#### Material for the task
* * * *
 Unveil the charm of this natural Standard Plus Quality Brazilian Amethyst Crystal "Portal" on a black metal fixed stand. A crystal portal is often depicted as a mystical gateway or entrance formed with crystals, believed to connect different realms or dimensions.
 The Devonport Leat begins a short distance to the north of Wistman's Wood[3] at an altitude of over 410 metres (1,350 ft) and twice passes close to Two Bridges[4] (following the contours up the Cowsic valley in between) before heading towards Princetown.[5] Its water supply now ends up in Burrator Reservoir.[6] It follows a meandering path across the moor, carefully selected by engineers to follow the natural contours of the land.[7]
* * * *
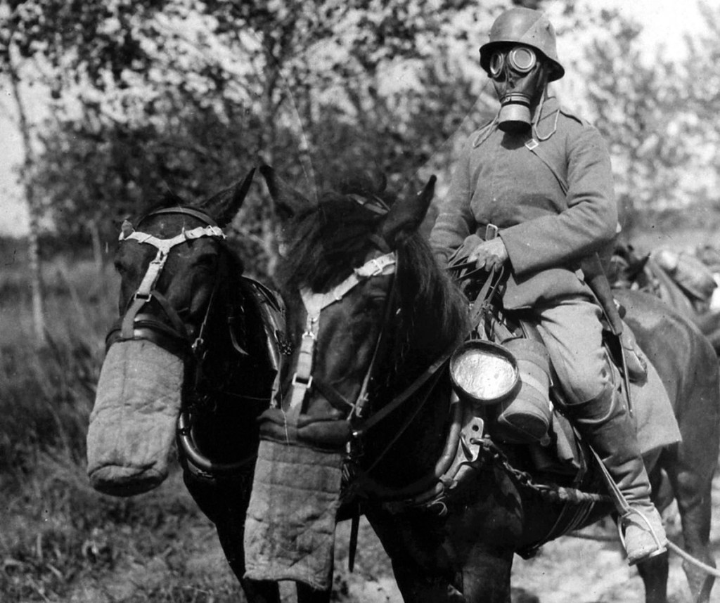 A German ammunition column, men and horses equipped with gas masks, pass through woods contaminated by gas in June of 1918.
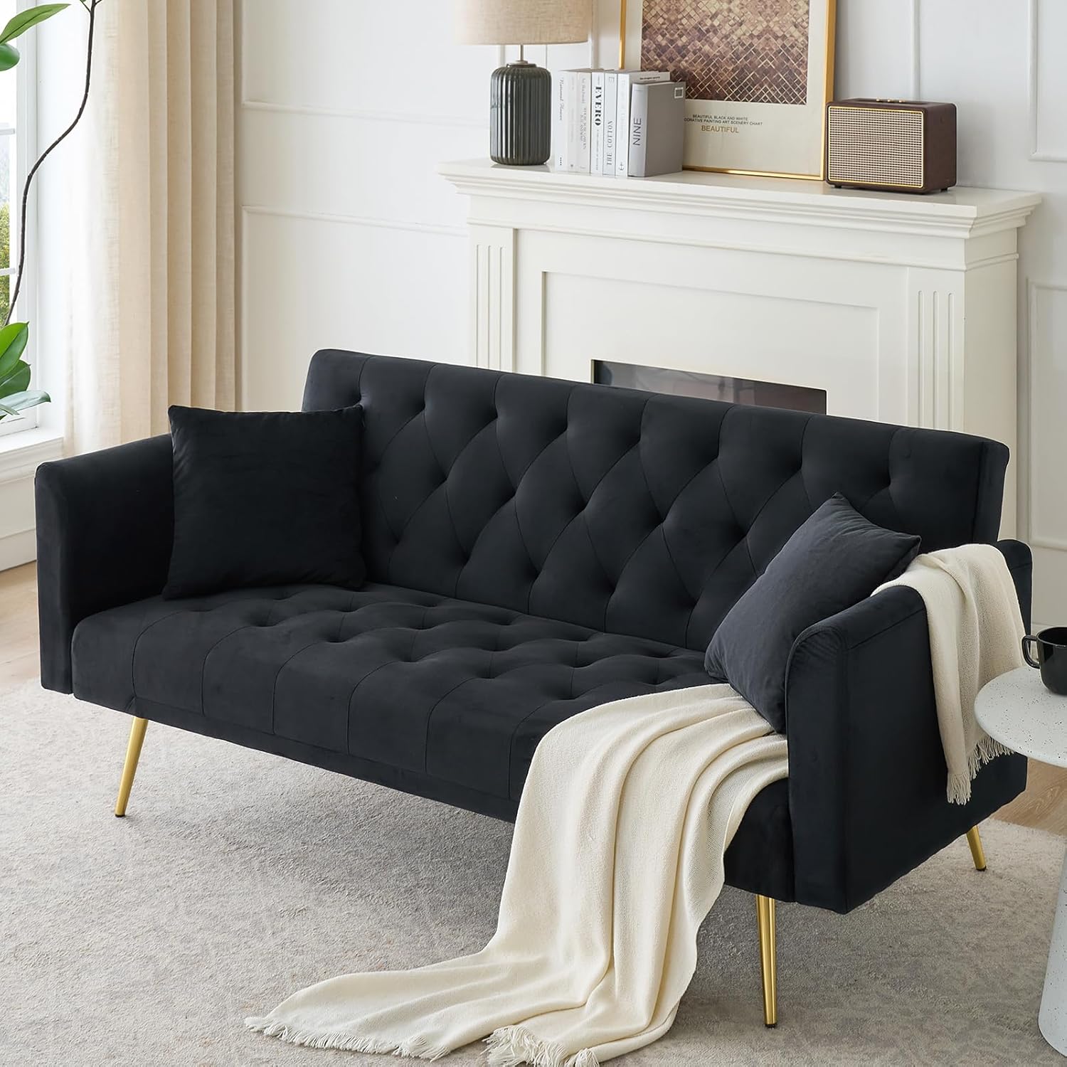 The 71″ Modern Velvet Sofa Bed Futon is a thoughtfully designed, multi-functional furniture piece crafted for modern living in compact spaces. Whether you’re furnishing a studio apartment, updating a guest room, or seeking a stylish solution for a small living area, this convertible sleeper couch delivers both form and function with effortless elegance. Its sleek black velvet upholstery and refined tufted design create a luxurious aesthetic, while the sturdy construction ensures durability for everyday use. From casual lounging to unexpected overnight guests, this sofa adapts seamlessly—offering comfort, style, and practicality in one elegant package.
* * * *
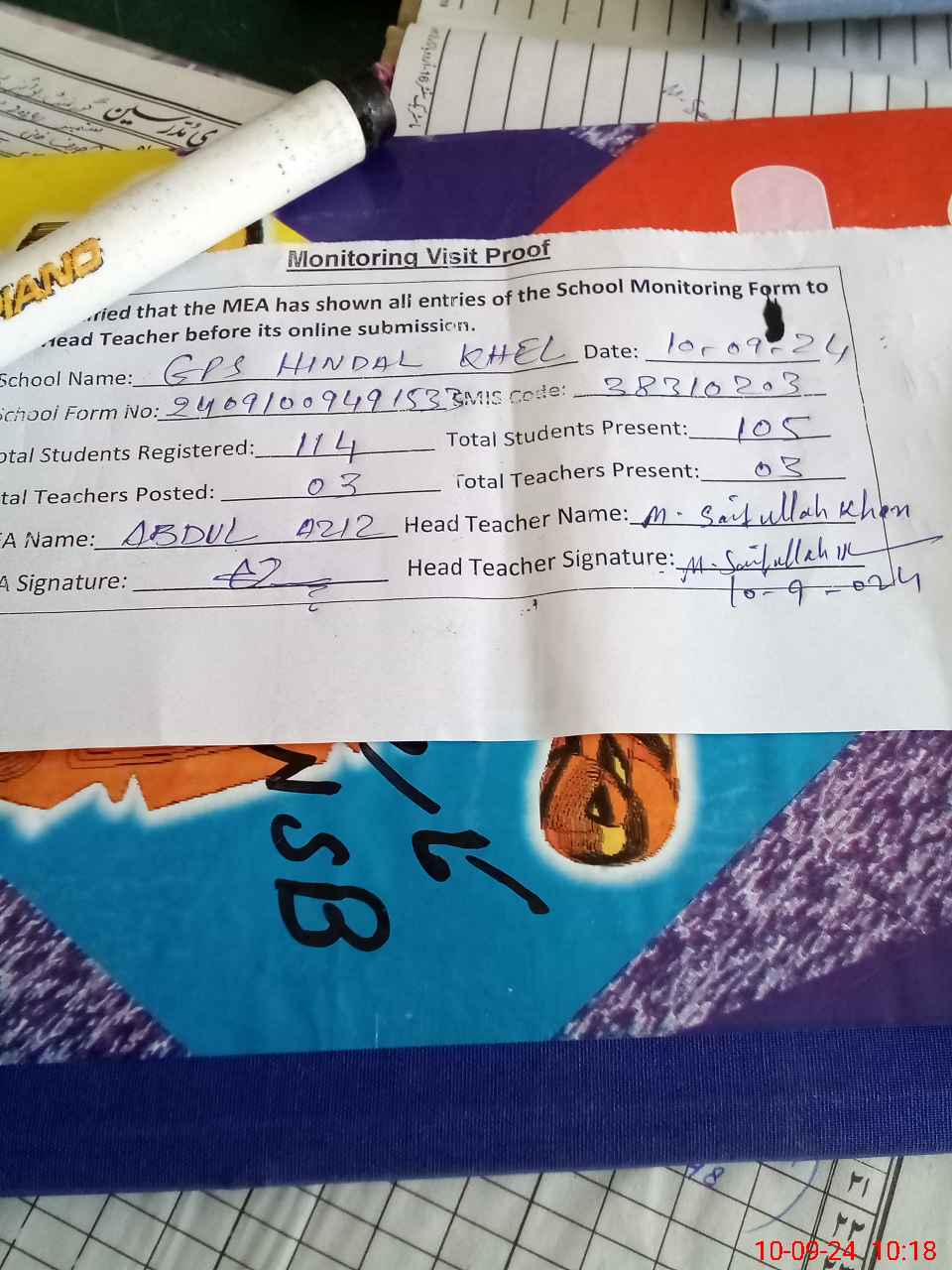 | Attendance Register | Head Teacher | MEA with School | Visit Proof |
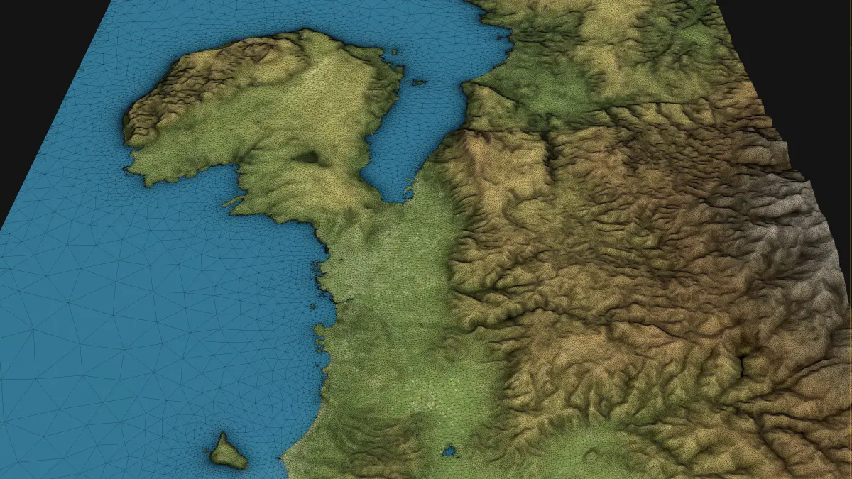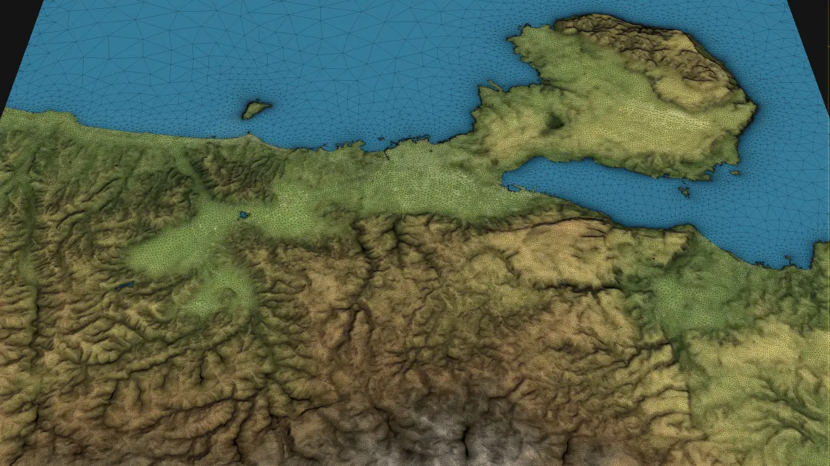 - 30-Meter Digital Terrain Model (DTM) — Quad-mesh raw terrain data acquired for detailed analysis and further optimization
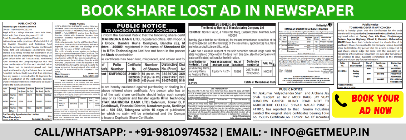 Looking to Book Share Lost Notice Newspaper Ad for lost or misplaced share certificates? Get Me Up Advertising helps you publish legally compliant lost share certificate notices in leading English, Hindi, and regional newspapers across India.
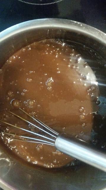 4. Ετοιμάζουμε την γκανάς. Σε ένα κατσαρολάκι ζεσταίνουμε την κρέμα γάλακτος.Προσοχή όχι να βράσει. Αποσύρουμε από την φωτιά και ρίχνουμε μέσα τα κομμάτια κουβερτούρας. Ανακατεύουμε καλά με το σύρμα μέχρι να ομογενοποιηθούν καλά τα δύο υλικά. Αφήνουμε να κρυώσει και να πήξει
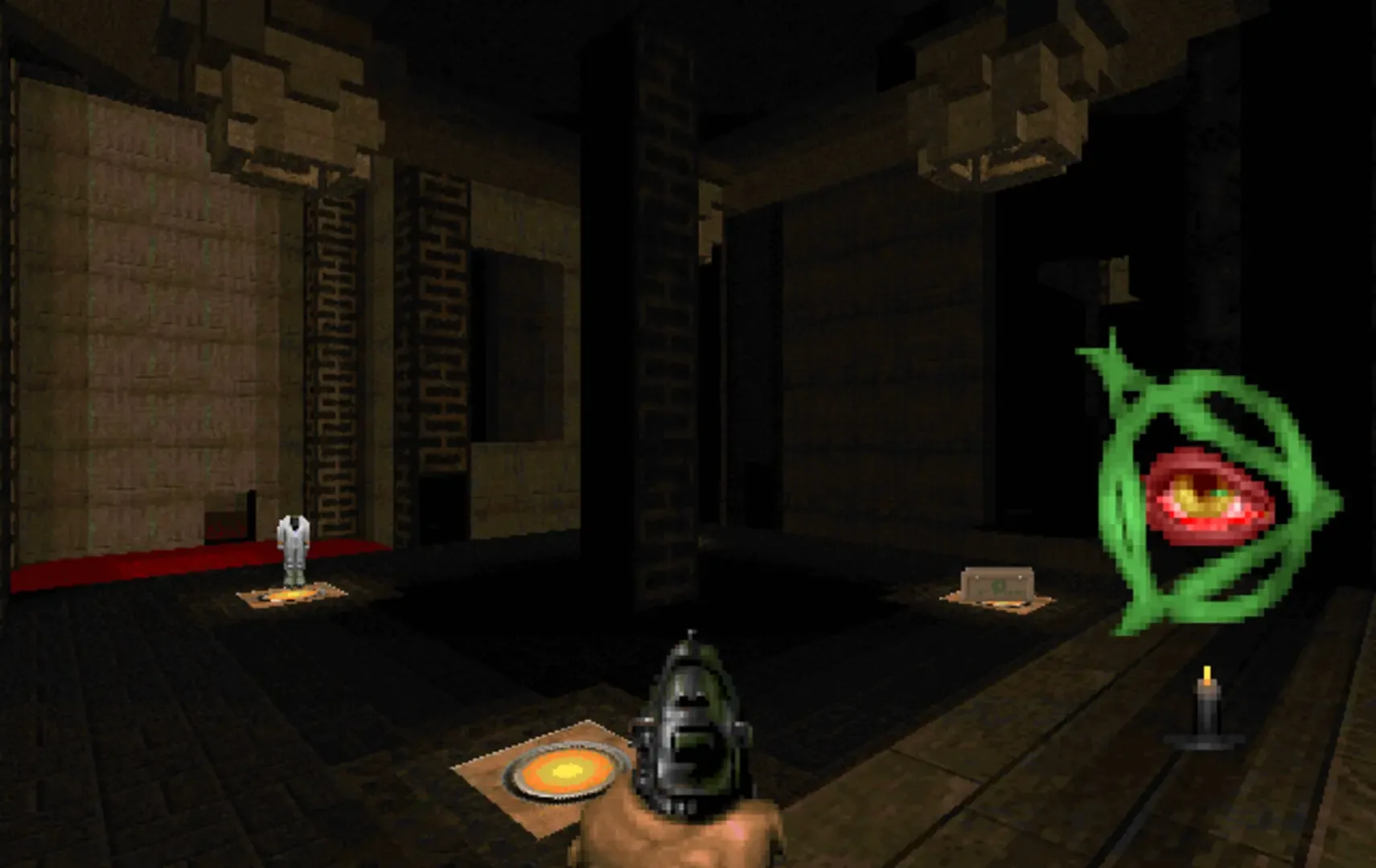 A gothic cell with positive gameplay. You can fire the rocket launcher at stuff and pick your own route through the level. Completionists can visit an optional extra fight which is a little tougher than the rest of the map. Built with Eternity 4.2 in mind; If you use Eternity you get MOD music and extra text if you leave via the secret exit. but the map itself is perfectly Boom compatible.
* * * *
#### Goal of the exercise
Working from the material above, retype exactly the lines from the one with "Unveil the charm" through the one with "The Devonport Leat", both included, and only those lines.

#### Problem solution
 Unveil the charm of this natural Standard Plus Quality Brazilian Amethyst Crystal "Portal" on a black metal fixed stand. A crystal portal is often depicted as a mystical gateway or entrance formed with crystals, believed to connect different realms or dimensions.
 The Devonport Leat begins a short distance to the north of Wistman's Wood[3] at an altitude of over 410 metres (1,350 ft) and twice passes close to Two Bridges[4] (following the contours up the Cowsic valley in between) before heading towards Princetown.[5] Its water supply now ends up in Burrator Reservoir.[6] It follows a meandering path across the moor, carefully selected by engineers to follow the natural contours of the land.[7]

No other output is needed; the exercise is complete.